DO, this useful and industrious verb has for many years done service as a slang term. To DO a person is to cheat him. Sometimes another tense is employed, such as “I DONE him,” meaning I cheated or “paid him out;” DONE BROWN, cheated thoroughly, befooled; DONE OVER, upset, cheated, knocked down, ruined; DONE UP, used up, finished, or quieted. Done also means convicted, or sentenced; so does DONE-FOR. To DO a person in pugilism is to excel him in fisticuffs. Humphreys, who fought Mendoza, a Jew, wrote this laconic note to his supporter—“Sir,—I have DONE the Jew, and am in good health. Rich. Humphreys.” Tourists use the expression “I have DONE France and Italy,” meaning I have completely explored those countries.
DOCTOR, to adulterate or drug liquor; also to falsify accounts.—See [COOK].

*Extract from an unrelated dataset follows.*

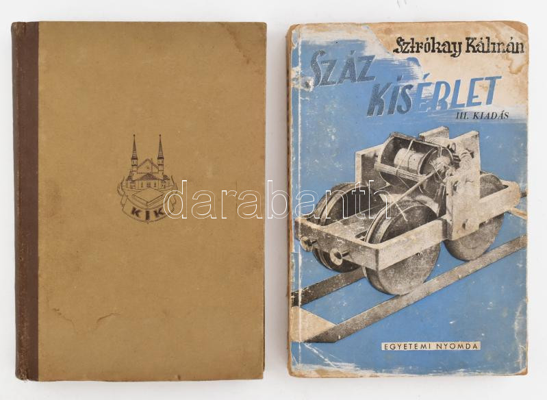 Description: Sztrókay Kálmán 2 műve: Száz kísérlet.; Még száz kísérlet. Say Kornél közreműködésével és rajzaival. Bp., é.n., (Kir. M.) Egyetemi Nyomda. Szövegközi illusztrációkkal. Kiadói papírkötés/félvászon-kötés, foltokkal, az egyik kötet sérült borítóval.
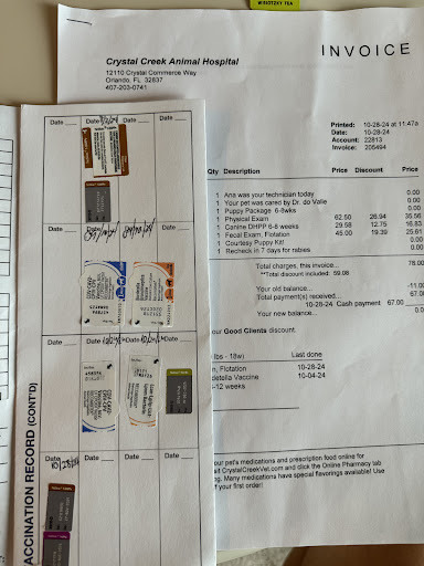 ****Be careful Scam company*** !!!!! I have a poodle puppy we came to crystal creek animal hospital we did the whole series of vaccinations the dog needed to have, because she is small under 4 pounds she could not have 2 vaccinations on the same day I was asked to come back a week later I came to my appointment there was no time to receive me at 2:00 PM I waited after waiting 30 minutes I went and came back again at 5:00 PM and again I was not accepted after waiting 20 minutes I had to reschedule for 6:00 PM and finally they told me to arrive the day after at 17:00 I arrived to do the last vaccination for puppies at the counter at the entrance I was told that this is the last vaccination, When I entered the treatment room, the technician claimed that this was not the last vaccination and that if she does a rabies vaccine that costs $24, you have to pay another consultation of $60 to the doctor, but I had already been a week before and paid that money (they could not vaccinate her with both vaccines because they claimed she was too small) After that they said that if she does the rabies vaccine she should do another series of vaccinations The dog has already had 5 vaccinations and is 4 months old Scam company!!! Now they lie that helped me They don't help me with anything, they let me go and come back 3 times and postponed my appointment, and in addition to all this I paid the week before for tests and everything. It's just that the dog is small, so you can't give her 2 vaccinations a day When I was told that this was the rabbit's last vaccine, they continued to say that there are more vaccines to take more money, liars

DODGE, a cunning trick. “Dodge, that homely but expressive phrase.”—Sir Hugh Cairns on the Reform Bill, 2nd March, 1859. Anglo Saxon, DEOGIAN, to colour, to conceal. The TIDY DODGE, as it is called by street-folk, consists in dressing up a family clean and tidy, and parading the streets to excite compassion and obtain alms. A correspondent suggests that the verb DODGE may have been formed (like wench from wink) from DOG, i.e., to double quickly and unexpectedly, as in coursing.
DODGER, a tricky person, or one who, to use the popular phrase, “knows too much.”—See [DEVIL-DODGER].
DODGER, a dram. In Kent, a DODGER signifies a nightcap; which name is often given to the last dram at night.
DOG, to follow in one’s footsteps on the sly, to track.
DOG-CHEAP, or DOG-FOOLISH, very, or singularly cheap, or foolish. Latham, in his English Language, says:—“This has nothing to do with dogs. The first syllable is god = good transposed, and the second, the ch—p, is chapman, merchant: compare EASTCHEAP.”—Old term.
DOG-LATIN, barbarous Latin, such as was formerly used by lawyers in their pleadings.